NHS trust make unreserved apology to 119 women over ‘unnecessary operations’ by gynaecologist

An NHS trust has made a “full and unreserved apology” to almost 120 women over concerns they were the subject of unnecessary operations at the hands of a former hospital gynaecologist.

University Hospitals of Derby and Burton NHS Foundation Trust (UHDB) contacted nearly 400 women after reports that patients of ex-consultant Daniel Hay suffered “serious harm” between 2015 and 2018.

An interim report, overseen by NHS England (NHSE), found major concerns about the care received by 50 patients, with some concern over a further 69 cases.

Lawyers acting on behalf of some of the patients said they were “particularly concerned that life-changing procedures appear to have been conducted without some women being able to make informed decisions about their care”.

The review of Mr Hay’s care found examples of poor documentation, insufficient information on the rationale for clinical decision making, and some operations added to the waiting list that were not necessary or could have been avoided.

A total of 327 cases were reviewed by NHS England, including 181 gynaecology procedures and 36 obstetrics cases.

The care of 110 women, who attended outpatient appointments at Ripley Hospital, was also investigated.

Detailing some of the areas for concern, the report said: “The interim report, independently written by NHSE, highlights considerable concerns about decision making and the choice of surgery that was undertaken.

“The rationale for surgery is often absent or not clear in the clinical notes and treatment plans did not describe non-surgical options prior to embarking on surgery.

“The standard of documentation is poor, and the assessors took the view that what was not documented was not done.”

Mr Hay has since left the trust and has performed no operations since 2018.

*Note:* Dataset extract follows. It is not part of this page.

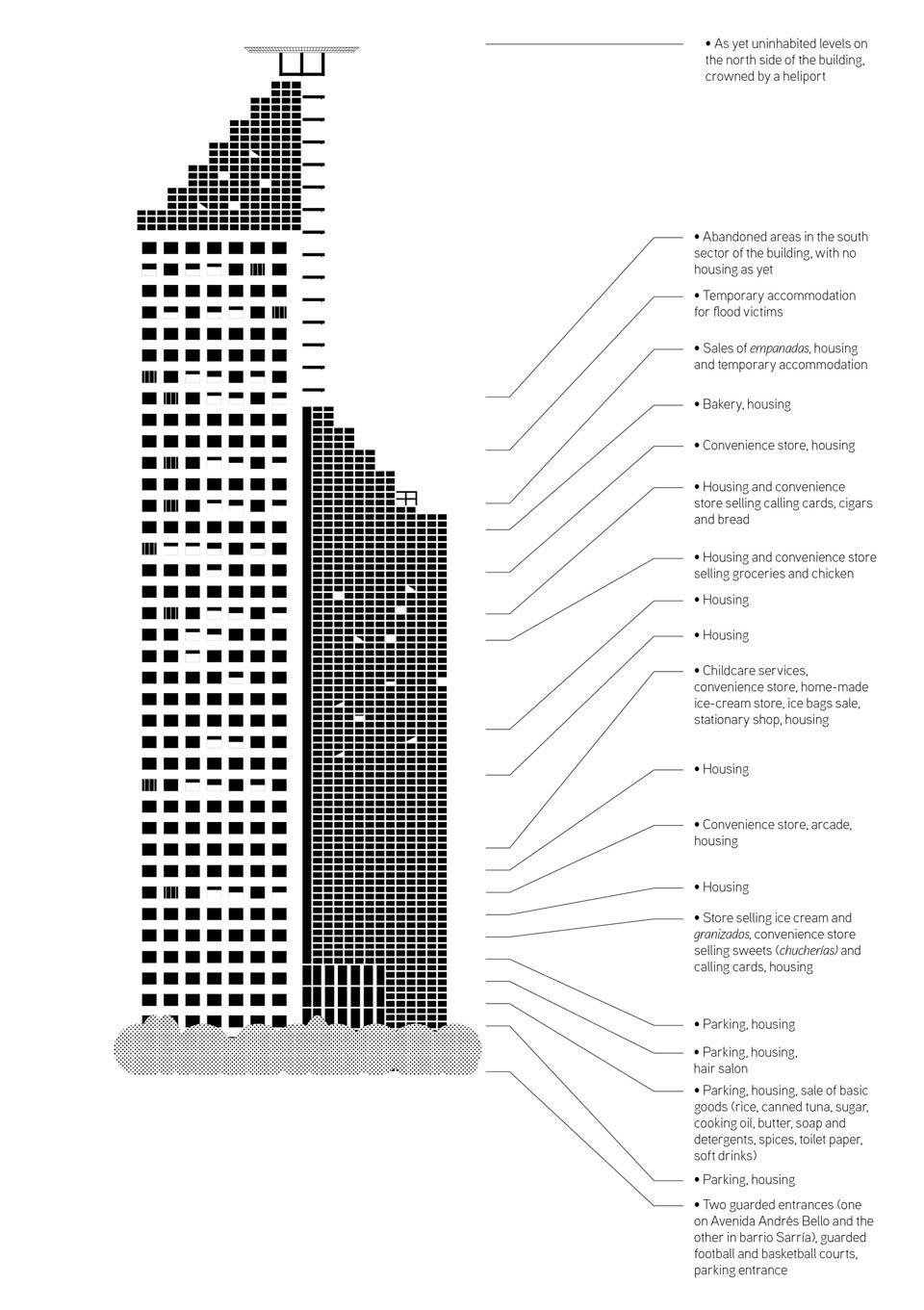 The “Tower of David” is currently home to 2,500 people. Over time it has become a city within a city: 800 homes, shops, beauty salons, Internet cafes, a football pitch, a basketball court and an evangelical church. Those who live in the building must comply with a set of written rules established by the community.On the contrary. Firstly, we approached the object from an ethical distance and we didn’t regard it as a «freak» phenomenon to be exploited. If we didn’t achieve that, then the work is at a loss from the very outset. The tower is not «a topic», nor a theme park, but a space-object where situations converge that enable us to observe, research and develop a project from different disciplines we are interested in. We want to deal with a general problem that has specific historical, economic, political, and demographic implications. The tower is an object, among many others, that represents the lack of synchrony between deeds and words; it is a symptomatic space, not a spectacle. The people who live there are not acting out a play or performing, they are finding a solution to an issue affecting their lives.What’s more, the tower is not unique or isolated, but is part of a permanent absence and presence: the absence of decisions to confront a problem and the presence of a group of people trying to survive. In this case, there’s a contrast because instead of being on a piece of wasteland, on the peripheries, or up on a hill, this situation is occurring in an abandoned building, an aspirational skyscraper, that is really a container that molds itself and assimilates what’s outside it for a common cause: survival. And this in turn represents another void: that of financial controls and another struggle between political and economic power. Ultimately, all we are doing is focusing on the imprint that power leaves in its wake: a void in solving problems and the massive amount of bureaucracy concentrated in the offices where decisions are made. That is the real theme park. The tower is a reality that is as human as geometry.There are other cities, like Johannesburg, that have similar cases.

The interim report made seven recommendations to the trust, including inviting women to a review of their care, reviewing its measures so information is shared and staff do not work as individuals, and so other employees feel they are able to raise concerns about the standard of care.

Dr Magnus Harrison, executive medical director at UHDB, said: “I want to make a full and unreserved apology to all those women who have identified as being harmed.

“When colleagues initially raised concerns in the latter half of 2018 and right through to today we have worked diligently to piece together a picture of the care they received under this consultant in an open and transparent way.

“I want to make clear that the standard of care these women received was far below that which we strive to provide and for that I am very sorry.

“The interim report sets out some immediate recommendations and these are either currently under way or will start shortly.

“One of the recommendations is for each patient to be offered the opportunity to discuss their care.

“We have now been in touch with all the women who we believe harm is likely to have occurred as a result of a major gynaecological operation and many of these women have now spoken to us in person.

“We will continue to contact all the women involved through 2021 to offer them the opportunity to discuss their care with us.

“There is still much work to do but the interim report of investigation demonstrates that it was the right decision to formally investigate the work of this consultant.

“I want to thank the patients who have already shared their experiences with us, which I know must be extremely difficult for them.

“I also want to thank my colleagues in our gynaecology and obstetrics service for initially raising their concerns and for the support they have given these patients since.

“This has not been an easy task, complicated by an absence of clear patient documentation, and the Covid-19 pandemic.

“We will share the full report in 2022 and implement its recommendations in full.”

Tim Annett, medical negligence lawyer at Irwin Mitchell who represents women affected by gynaecology care, said: “The findings of the report, including the standard of care women received and how operations were apparently carried out without other less invasive options being fully considered first, mirrors the first-hand accounts women have told us as part of our investigations.

“Patient safety should be the fundamental priority. We’re particularly concerned that life-changing procedures appear to have been conducted without some women being able to make informed decisions about their care.

“Our clients continue to live with the physical and psychological effects of what happened to them and understandably continue to have concerns about their care.

“We’re determined to provide the care and support our clients need to get through this difficult time.

“It’s also vital that lessons are learned from the issues identified by the review to improve patient safety for others.”

The full report findings are due next year.